InteractiveShell.ast_node_interactivity = "all"

## Load in the Feature list
Grab in a sample from each division

In [None]:
file_location = "s3://bluestembrands-bi-published-zone-prod/orchard/marketing/house/retro/catalog_refresh/end_date=20200703/"

In [None]:
Sample = pd.read_parquet(file_location,
                    filters=[('household_key' , '=', '01953405455')],
                    engine='pyarrow')

In [None]:
Sample

In [None]:
#Get a dataframe of all columns
all_columns = pd.DataFrame(  data =  np.unique(np.array( ['individual_key'] + list(Sample.columns) + ['shipped_qty'] )), columns=["col_name"] )
all_columns

In [None]:
len(all_columns)

## Load in Id Features and Remove
These features will identify who the person is and some details about them. Remove these columsn

In [None]:
id_features = pd.read_csv("s3://bluestembrands-bi-obmarketing-zone-prod/Feature_Classification/id_column_descriptions.csv")

id_features

In [None]:
#View what ID features are within this dataset
all_columns.merge(id_features, how= 'inner', on = ['col_name'] )

In [None]:
no_id_columns = all_columns.set_index('col_name').drop( labels = set(id_features['col_name']).intersection(all_columns['col_name']) , axis = 0).reset_index()

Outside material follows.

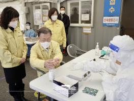 문재인 대통령은 1월30일 안성휴게소 고속도로 임시선별검사소를 방문하여 설 연휴 기간 의료·검사체계 개편의 시행 상황을 점검하고 방역진·의료진의 노고를 격려했다.
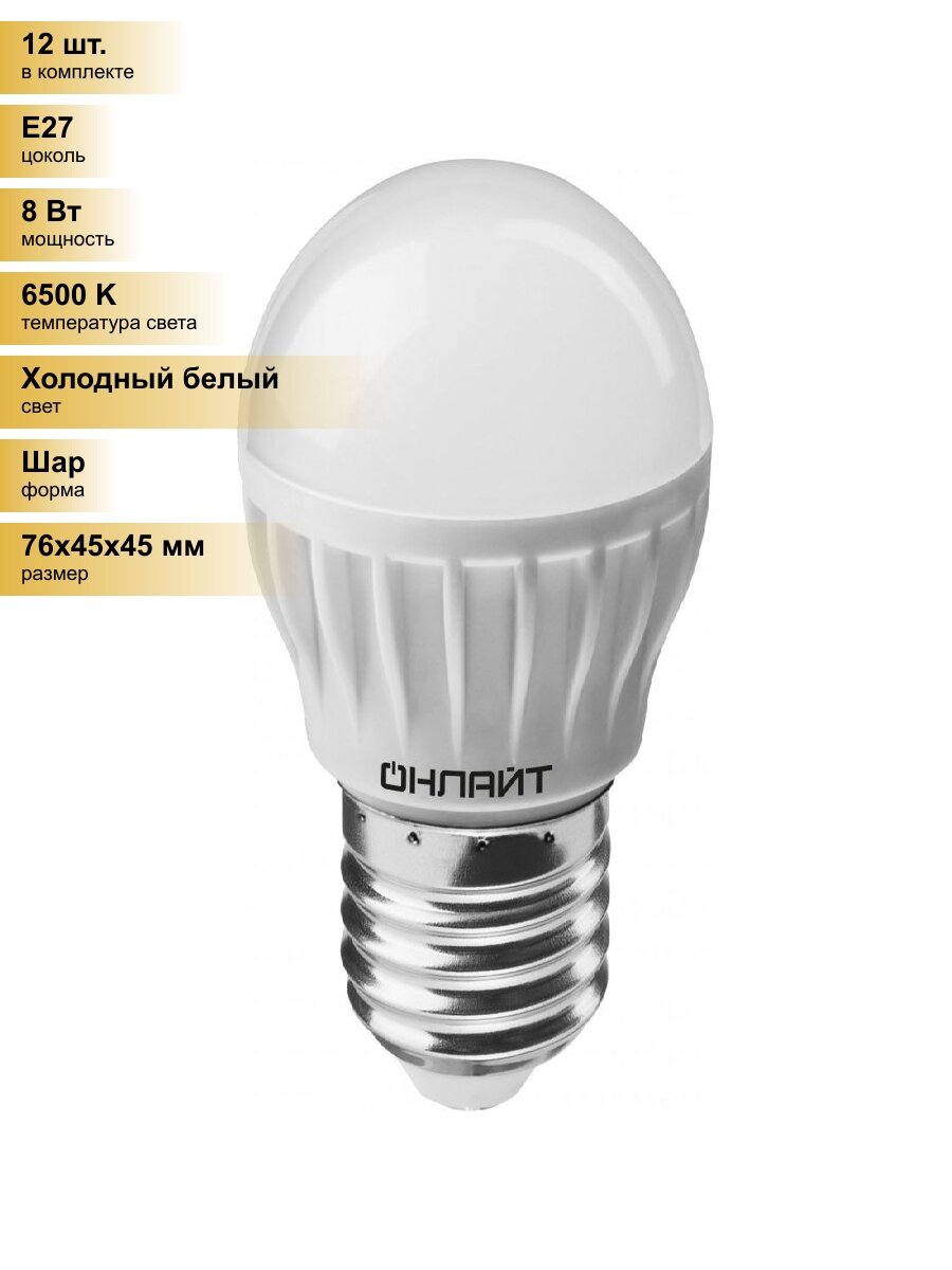 (12 шт.) Светодиодная лампочка онлайт шар G45 E27 8W(640Lm) 6500K 6K 76×45 OLL-G45-8-230-6.5K-E27 61137 Холодный белый. Цоколь E27: сравнение цен, характеристики, фото, актуальное наличие и цены.

## Load in 3rd party Metadata

In [None]:
raw_third_party = pd.read_csv("s3://bluestembrands-bi-obmarketing-zone-prod/Feature_Classification/3rd_Party_Data.csv")

#Define type as 3rd party
raw_third_party['Type'] = "3rd Party"
#Define Aggregation Type as "3rd Party Entering"
raw_third_party['Aggregation Type'] = "3rd Party"

In [None]:
third_party_meta = raw_third_party.drop(labels = ["data_type", "upper(col_name)"], axis = 1)

# third_party_meta

In [None]:
#Remove the _rc from the column names which is an add on
third_party_meta_add = third_party_meta.copy()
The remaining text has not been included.